GOAL OF THE EXERCISE:
The answer must be every line of the records below that holds the word "with".

PROVIDED DATA:

>>

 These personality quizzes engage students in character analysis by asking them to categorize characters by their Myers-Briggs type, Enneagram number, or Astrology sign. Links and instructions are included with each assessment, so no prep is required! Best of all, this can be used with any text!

<<
>>

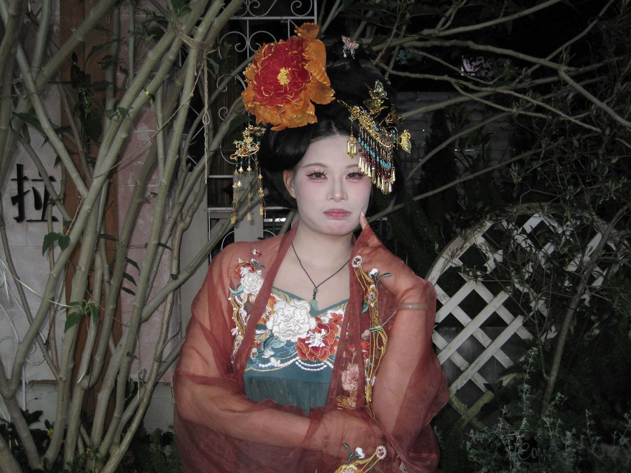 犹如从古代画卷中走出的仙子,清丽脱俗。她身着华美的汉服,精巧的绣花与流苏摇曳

<<
>>

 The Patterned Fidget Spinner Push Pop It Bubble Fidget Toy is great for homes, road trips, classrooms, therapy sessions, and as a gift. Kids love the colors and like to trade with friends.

<<

EXERCISE OUTPUT:
 These personality quizzes engage students in character analysis by asking them to categorize characters by their Myers-Briggs type, Enneagram number, or Astrology sign. Links and instructions are included with each assessment, so no prep is required! Best of all, this can be used with any text!
 The Patterned Fidget Spinner Push Pop It Bubble Fidget Toy is great for homes, road trips, classrooms, therapy sessions, and as a gift. Kids love the colors and like to trade with friends.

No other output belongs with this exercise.